# Steam Reviews 2021

## Table of Contents
<ol>
<li><a href="#intro"><strong>Introduction</strong></a></li>
    <ul>
        <li><a href="#Dictionary">Data Dictionary</a></li>
    </ul>
<br>
<li><a href="#Wrangling"><strong>Data Wrangling</strong></a></li>
    <ul>
        <li><a href="#Gather">Gather</a></li>
    </ul>
    <ul>
        <li><a href="#Assess">Assess</a></li>
            <ul>
                <li><a href="#Quality">Quality issues</a></li>
            </ul>
            <ul>
                <li><a href="#Tidiness">Tidiness Issues</a></li>
            </ul>
    </ul>
    <ul>
        <li><a href="#Clean">Clean</a></li>
            <ul>
                <li><a href="#Define">Define</a></li>
            </ul>
            <ul>
                <li><a href="#Code">Code</a></li>
            </ul>
            <ul>
                <li><a href="#Test">Test</a></li>
            </ul>
    </ul>

<a id='intro'></a>
## 1. Introduction

This notebook is a side notebook for the Data Wrangling part of our dataset. We will explore, assess, and clean the original dataset, and export the cleaned version to be used directly in our main notebook.

<a id='Dictionary'></a>
### Data Dictionary
Here's a describtion for the attributes:
* What game was the review written for: app_id, app_name ;
* in what language was the review: language ;
* whether it recommends or not recommended;
* information about the review: review_id, review;
* the time review was written and the time it was updated: timestamp_created, timestamp_updated
* how useful the review was: votes_helpful, votes_funny, weighted_vote_score;
* how many comments (replies) were written on the review comment_count
* whether the author bought the game or received it for free: steam_purchase,received_for_free;
* whether the author wrote a review when the game was in pre-release: written_during_early_access.
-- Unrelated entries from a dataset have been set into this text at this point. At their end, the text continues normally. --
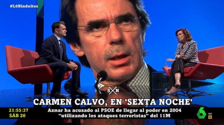 La vicepresidenta primera del Gobierno, Carmen Calvo, no ha tenido piedad con el expresidente del Gobierno José María Aznar, después de que este acusara al PSOE de llegar al poder en 2004 “utilizando los ataques terroristas” del 11-M y luego gracias a una moción de censura “apoyada por separatistas y exterroristas”.
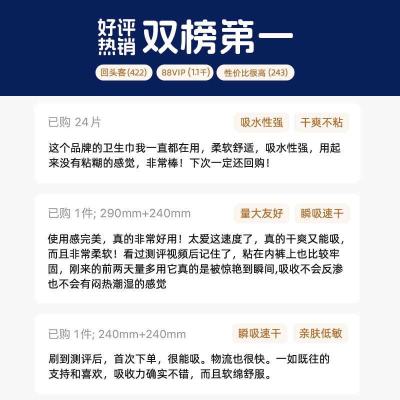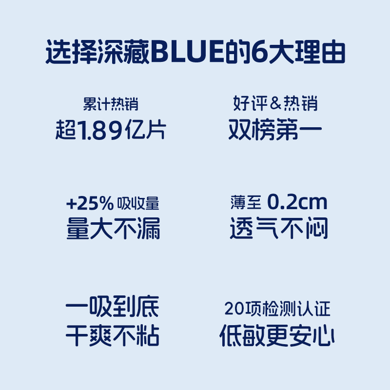 商品简介:经血一吸到底,表面干爽不漏,夏天告别闷气粘腻。量大星人无惧侧漏。她研社深藏blue卫生巾24片,集美快冲!
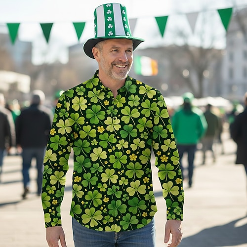 Set San Patrizio 2026 Retrò Vintage Anni '70 Cappello Camicia Camicia Aloha Lunghe Hippie Costume Per uomo Mascherata Feste Festival Adulti Camicia Cappello
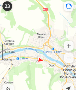 出発すると、川の向こう側にウクライナの明かりが見えている!モルドバ側は真っ暗でうっすらと見える街の雰囲気はどう見ても「発展途上国の田舎」。それに対して、川を渡ったあとのウクライナ側にはスーパーなども見え、そちら側の方が発展している様子が窺える。ちなみに、この川はドニエストル川の上流である。
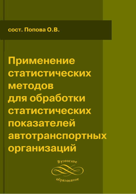 Применение статистических методов для обработки статистических показателей автотранспортных организаций : методические указания / составители О. В. Попова. — Санкт-Петербург : Санкт-Петербургский государственный архитектурно-строительный университет, ЭБС АСВ, 2013. — 23 c. — Текст : электронный // Цифровой образовательный ресурс IPR SMART : [сайт]. — URL: https://www.iprbookshop.ru/19030.html (дата обращения: 18.03.2025). — Режим доступа: для авторизир. пользователей
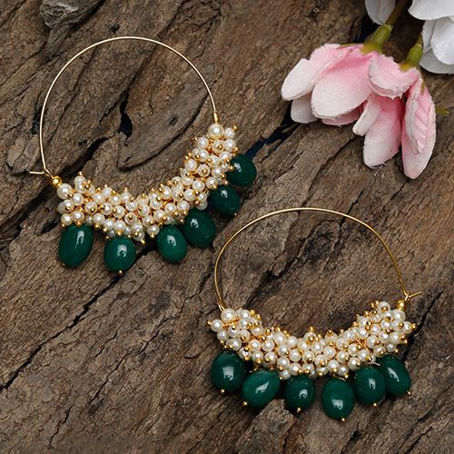 Introducing the Pearl Enchantment Hoops, a seamless blend of classic elegance and modern charm. These hoops are adorned with glittering emerald stones set against a backdrop of lustrous pearls, making them a perfect accessory to elevate any ensemble. The rich green hue of the emeralds adds a luxurious touch, while the pearls lend an air of sophistication. Ideal for festive events, formal occasions, or adding a touch of elegance to your daily wardrobe, these earrings are versatile and stunning. Keep your hoops looking pristine by spot-cleaning them and storing them separately to avoid scratches. Avoid contact with perfumes and water to preserve their brilliance. The Pearl Enchantment Hoops are a must-have for any jewelry enthusiast looking to add timeless pieces with a contemporary twist.
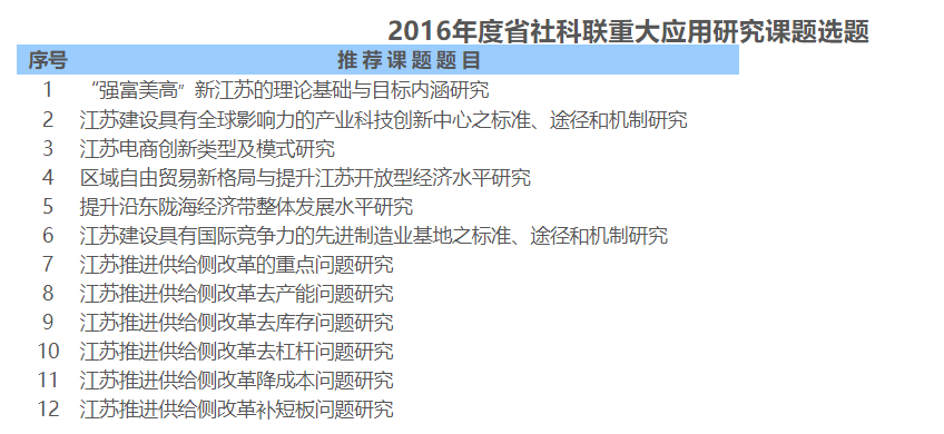 为推动社科研究更好地为省委省政府决策服务,围绕江苏经济社会发展中的重大现实问题,省社科联组织开展由省委省政府主要领导圈定的2016年度省重大应用课题研究。经请示省委宣传部同意,决定采取公开申报、专家评审、省社科联和省社科规划办双立项的形式(本课题属于省级课题)组织开展课题研究。现将申报工作有关事项通知如下:
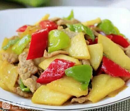 2.热锅凉油油热7成下肉片翻炒变色捞起,锅底留底油,加姜末、青红辣椒翻炒出香味;加青芒果翻炒均匀,加肉片、盐、酱油翻炒均匀,加鸡精翻炒均匀即可。
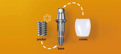 abc – die drei Buchstaben stehen für das innovative Konstruktionsprinzip des Implantatsystems der Heliocos GmbH: Anker – Basis – Krone. Der Anker – das Kernstück des abc-Implantats – kann unmittelbar nach Extraktion eines Zahnes in die vorhandene Alveole eingesetzt werden und stabilisiert ab diesem Moment das umliegende Knochengewebe. Wie über den Wurzelballen eines Baumes die auf die Krone wirkenden Kräfte aufgenommen und in das umgebende Erdreich abgeleitet werden, so funktioniert auch der „Anker“ des neuen abc-Implantats.
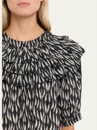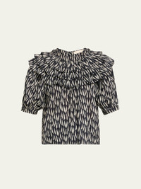 Ulla Johnson "Mira" blouse is crafted from an abstract printed cottonblend featuring puff sleeves and tiered ruffle along the neckline Crew neckline; fourbutton front Short puff sleeves; selftie cuffs Relaxed fit Pullover style Cotton/viscose Imported
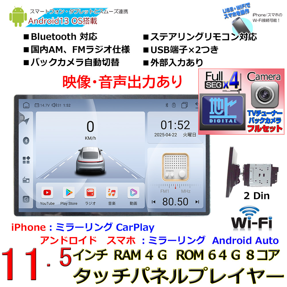 - 2DIN11.5インチタッチパネルフルハイビジョンAndroid13 RAM4G ROM64G Carplay android auto 地デジチューナーセット バックカメラ
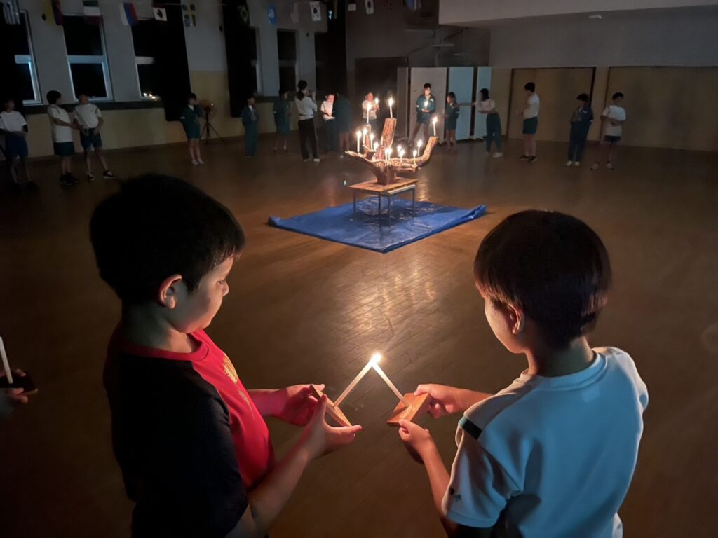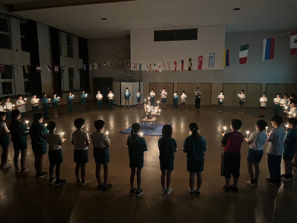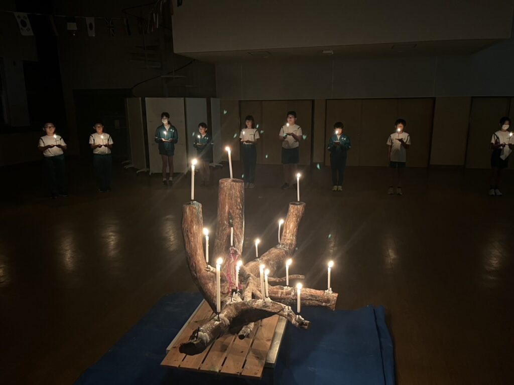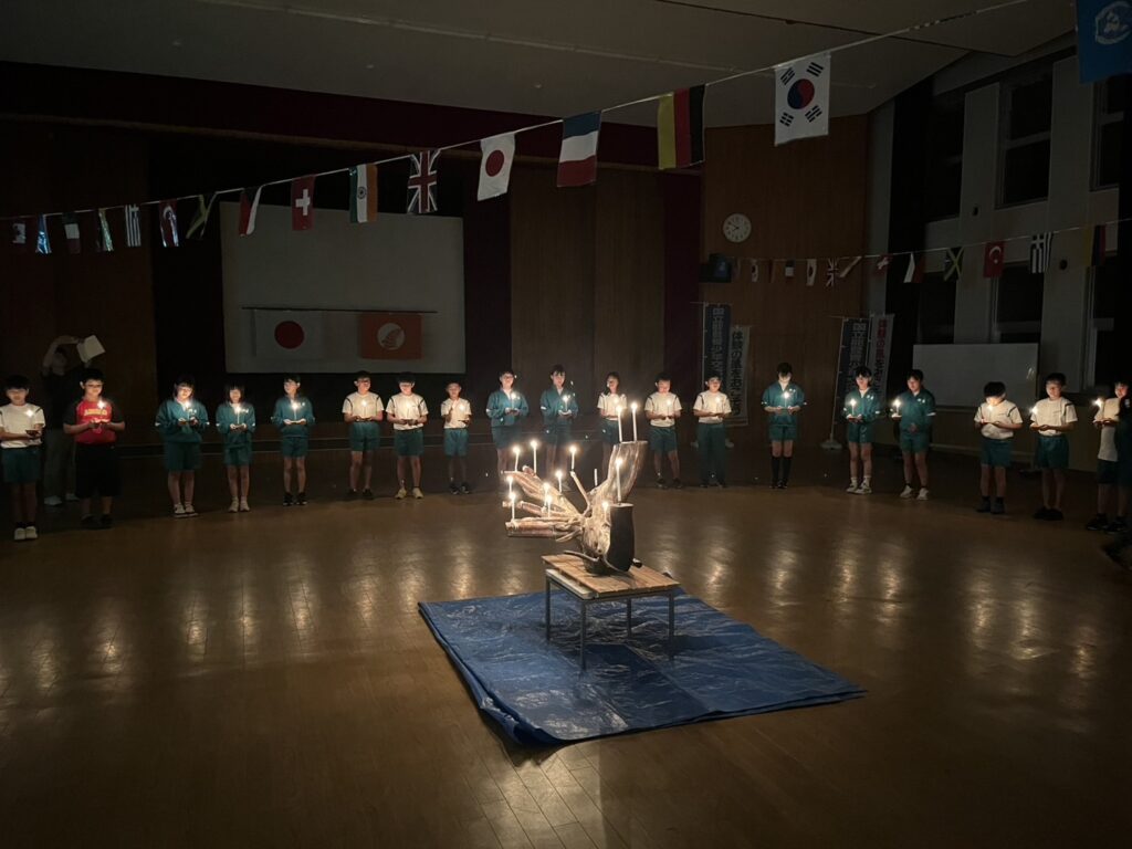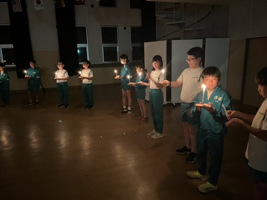 夜の活動は、キャンドルサービスを行いました。火の長より、火を扱う大切さを教えていただきました。一人一人のろうそくに火がともされた体育館では、周りの自然の呼吸だけが聞こえる静粛な時間を過ごしました。
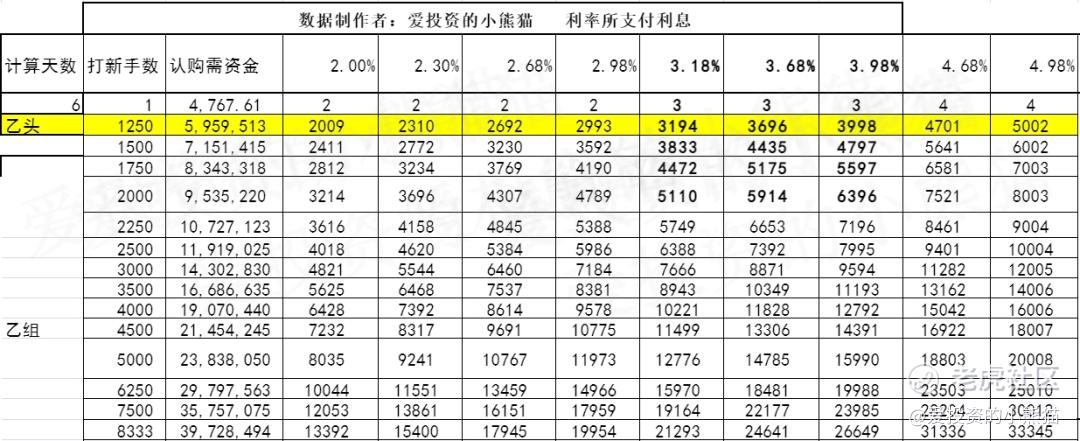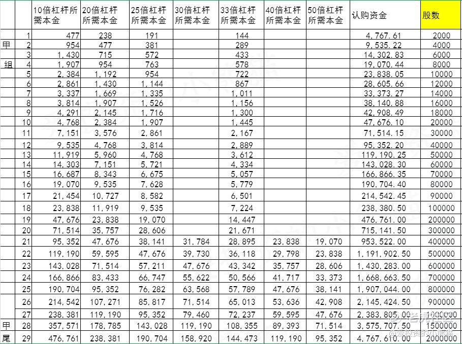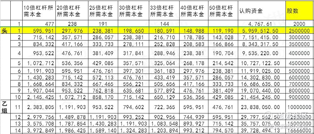 乙组头,这次是 596万本金,乙组的各档融资所需要的本金还有融资金额对应如下表:
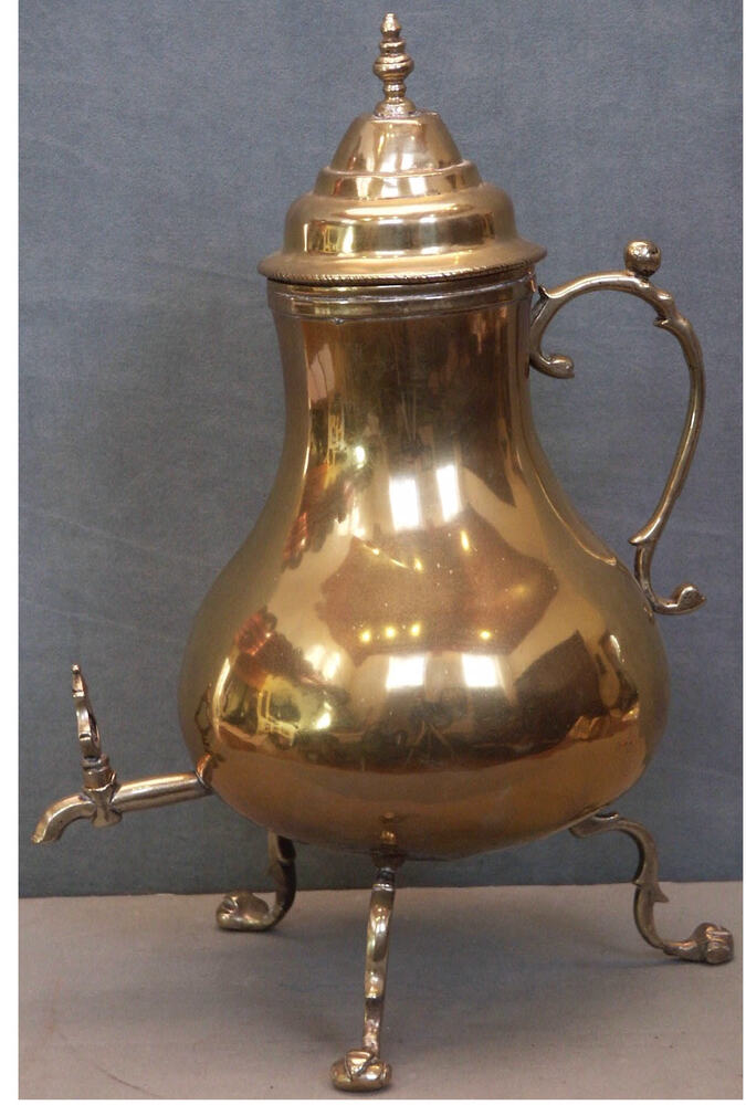 Koffiekan van geel koper op drie poten met kraan.
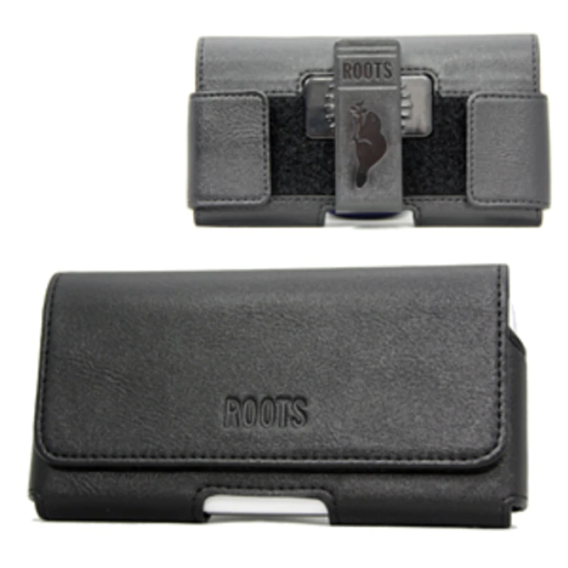 Étui horizontal Roots en cuir avec Velcro ajustable sur les côtés conçu pour les grands téléphones
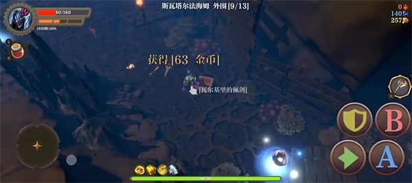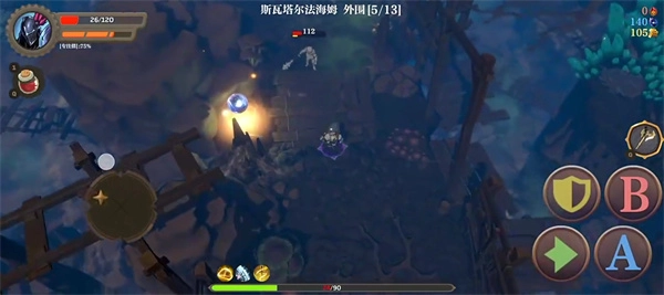 1、进入地图后,左下角的摇杆按钮可操控角色移动,别忘了持续探索地牢。
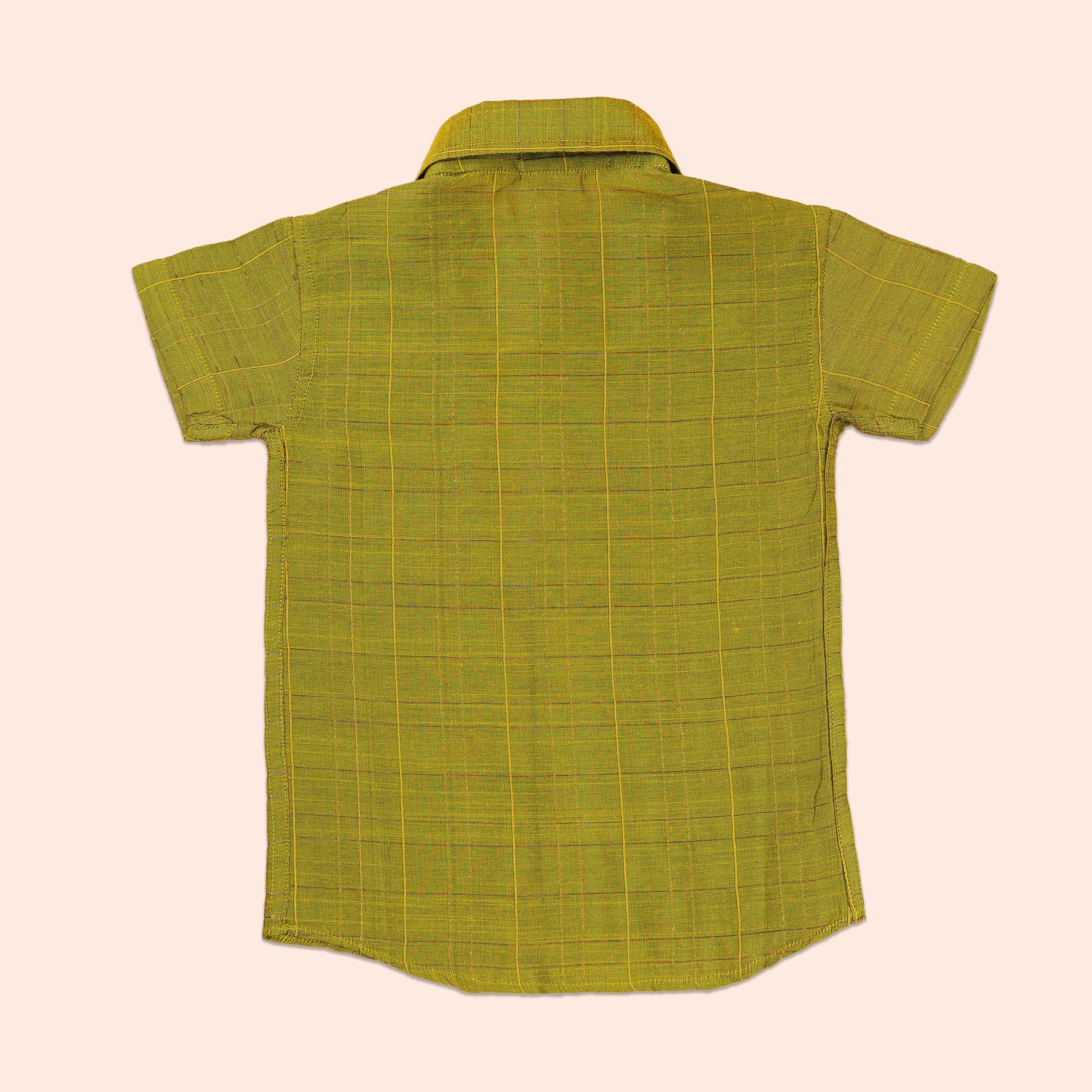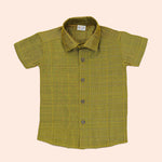 Classic Mustard Silk Festive Check Shirt & Dhoti Set for Boys
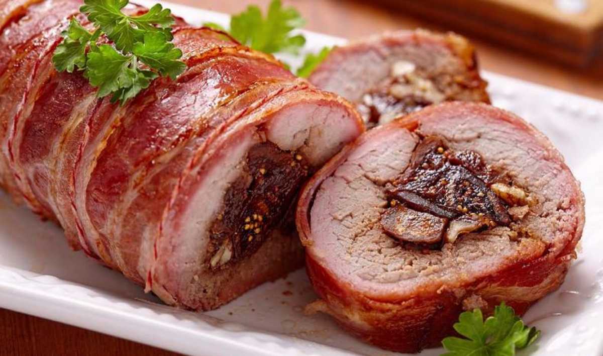 Необязательно запекать свинину цельным куском — для праздника будет уместнее подача в виде рулета. При этом начинка может быть любой, на усмотрение хозяйки. В данном случае он готовится с болгарским перцем, чесноком и черносливом.
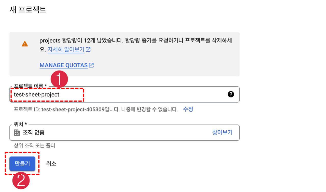 먼저 프로젝트를 하나 생성해야 합니다. 이 프로젝트에 계정을 추가하고 이 계정으로 API를 사용하게 됩니다. 아래 URL에 접속하여 신청할 수 있습니다.
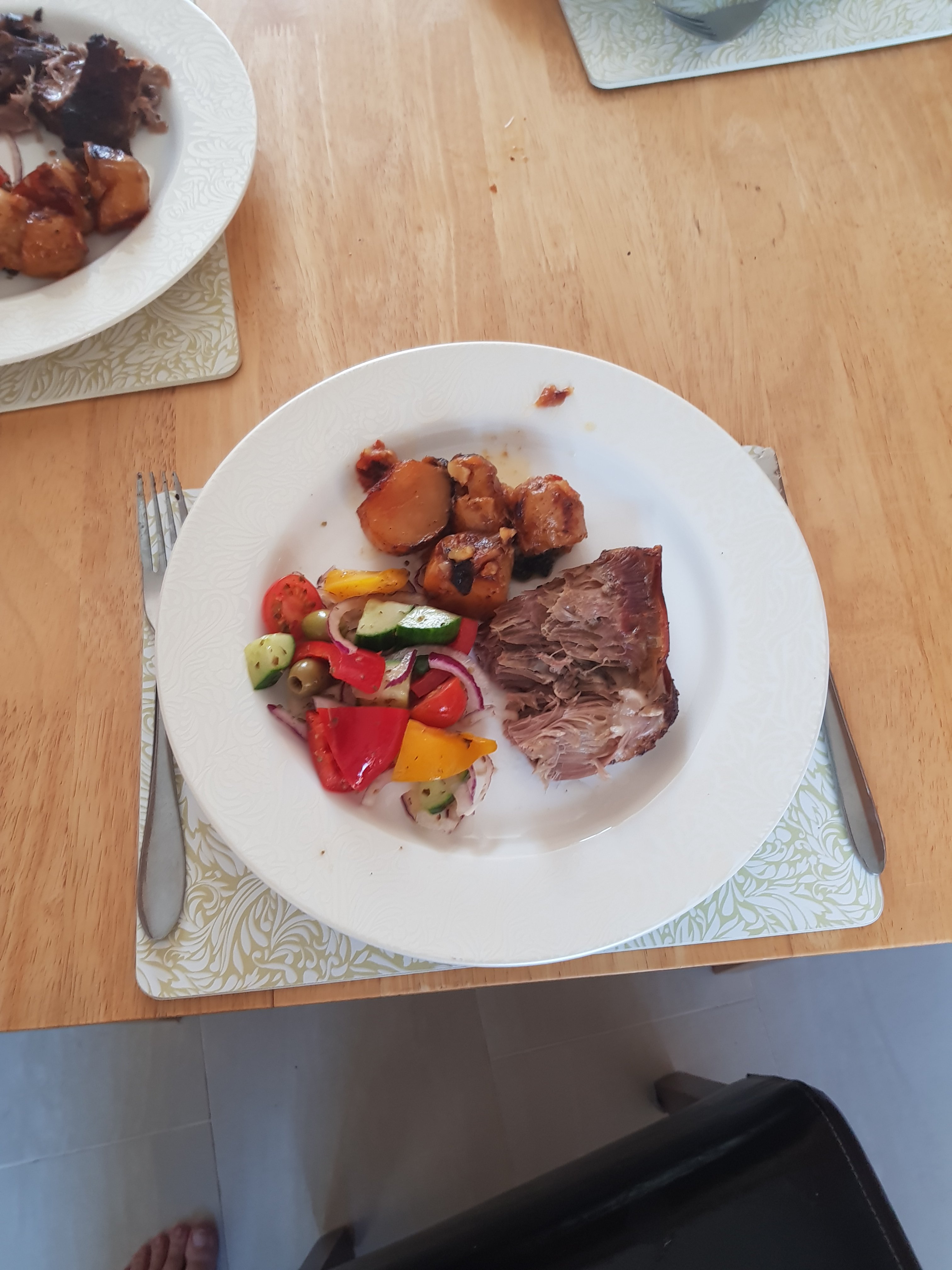 Anyway, we started with a bit of olive oil, balsamic vinegar and slice or two of olive bread, moved on to kleftiko with Greek salad, and finished with fruit and fat free vanilla yoghurt. There was a glass of wine and a glass of full fat coke.

* Information about the Author (steam account): their identification key: author.steamid;
* how many games he has: author.num_games_owned;
* how many reviews he wrote: author.num_reviews;
* how many hours he played in total: author.playtime_forever;
* whether he played in the last two weeks: author.playtime_last_two_weeks;
* how long he played the game to write a review: author.playtime_at_review;
* the date of his last game: author.last_played;

<a id='Wrangling'></a>
## 2. Data Wrangling
<a id='Gather'></a>
### a) Gathering the Data

Importing the necessary libraries

In [1]:
import numpy as np
import pandas as pd

import seaborn as sns
import matplotlib.pyplot as plt
%matplotlib inline


from datetime import datetime

Since the data is already ready on Kaggle and we don't need to scrap it neither download it from Steam API, we will just download it directly from Kaggle.

However, the size of data is 8 gigs so we have to either import only the necessary columns of or load it batch by batch. For the sake of first  exploration, I'll load all attributes except of review attribute which holds the string review of each entry. Such attribute takes so much unecessary storage that we don't need at all.

Now, we can work on just 3 gigs of storage for the entire dataset. After, analyzing the data and define the major issues and clean them. I will work only on the necessary attributes to address each question in our EDA instead of working with the whole data including the unncessary attributes.

I expect to spend a bunch of time analyzing the data and cleaning it properly, and spend much less time covering our EDA.

---

Reading the dataset columns.

In [2]:
cols = list(pd.read_csv("steam_reviews.csv", nrows =1))
print(cols)

['Unnamed: 0', 'app_id', 'app_name', 'review_id', 'language', 'review', 'timestamp_created', 'timestamp_updated', 'recommended', 'votes_helpful', 'votes_funny', 'weighted_vote_score', 'comment_count', 'steam_purchase', 'received_for_free', 'written_during_early_access', 'author.steamid', 'author.num_games_owned', 'author.num_reviews', 'author.playtime_forever', 'author.playtime_last_two_weeks', 'author.playtime_at_review', 'author.last_played']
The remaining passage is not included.